Learning to Read x86 Assembly Language

November 26th 2016 — Comments and Reactions

A 16-bit Intel 8086 microprocessor from 1978
(source: RodolfoNeres via Wikimedia Commons)

Writing assembly language is something best left for the experts. To write code that runs directly on your microprocessor you need to know how memory segmentation works, what the intended use of each register is, how codes executes in real and protected modes and much, much more. And, of course, modern compilers will usually produce faster, more optimized code than you ever could, without making any mistakes.

Reading assembly language, on the other hand, isn’t nearly as difficult and can be a useful skill to have: Someday you might need to debug code without having the original source. You’ll begin to understand what a microprocessor can and can’t do by reading it’s language directly. And you’ll appreciate and understand your favorite programming language even more after seeing your own code translated into low level machine instructions.

But most importantly, learning about assembly language can be a lot of fun.

Update: Akhmad Karimov just posted a Russian translation of this article on his web site.

Usually Reading Assembly Language Is No Fun At All

Unfortunately, most of us only see assembly language after something has gone wrong, terribly wrong, when we encounter something like this:

This is what a segmentation fault looks like in a debugger. The debugger shows me assembly language because it doesn’t know what else to show me. A “segmentation fault” means one of the assembly language instructions, for example the movb $0x6c, 0x1(%rax) line above, has tried to write to a portion of memory which it is not allowed to.

It’s no wonder that most of us dislike reading low level code like this. We only ever see it when we’re in the midst of debugging something, when the language and tools we normally rely on have let us down. We never see assembly language under happier circumstances; it is always the bearer of bad news.

Converting My Own Code to Assembly Language

This week I had some free time and decided to read some assembly language just for fun. I wanted to read low level code that was working properly, not code that was overwriting some other process's memory. I wanted to see if I could understand it like any other programming language. To make things easier, I decided to translate some of my own code into assembly language so I could focus on the assembly language syntax. It was easier to figure out what the instructions meant because I knew what they were doing.

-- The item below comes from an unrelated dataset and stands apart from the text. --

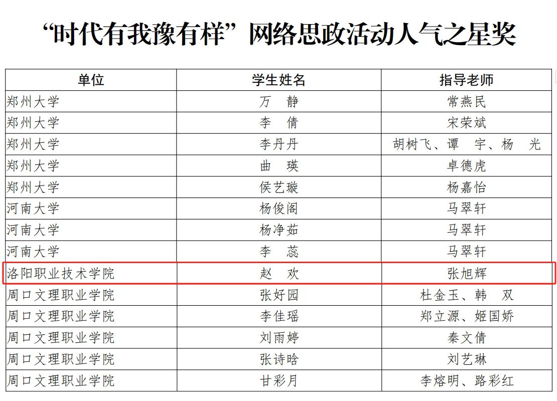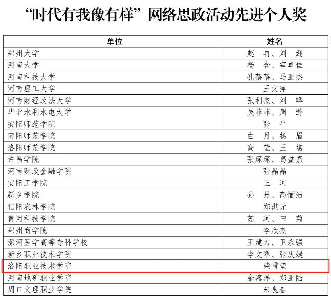 近日,省委教育工委、省教育厅公布“时代有我豫有样”网络思政活动获奖结果,我校荣获优秀组织奖,食品与药品学院老师柴雪莹荣获先进个人奖,融媒体中心记者团成员赵欢荣获人气之星奖。

I’m a Ruby developer, and so I was interested in knowing how my Ruby code would look translated into assembly language. Unfortunately, the Ruby interpreter (at least the standard “MRI” version of Ruby) never does this. Instead, the Ruby interpreter itself is compiled into machine language and runs my code using a virtual machine. But I wanted to see what a real machine would do, not a virtual one.

Instead I decided to use Crystal, a variation on Ruby that uses LLVM to compile Ruby to native machine language before running it. And because the LLVM system can also produce an assembly language version of the code it produces, using Crystal was the perfect way for me to see my Ruby code translated so a microprocessor could understand it.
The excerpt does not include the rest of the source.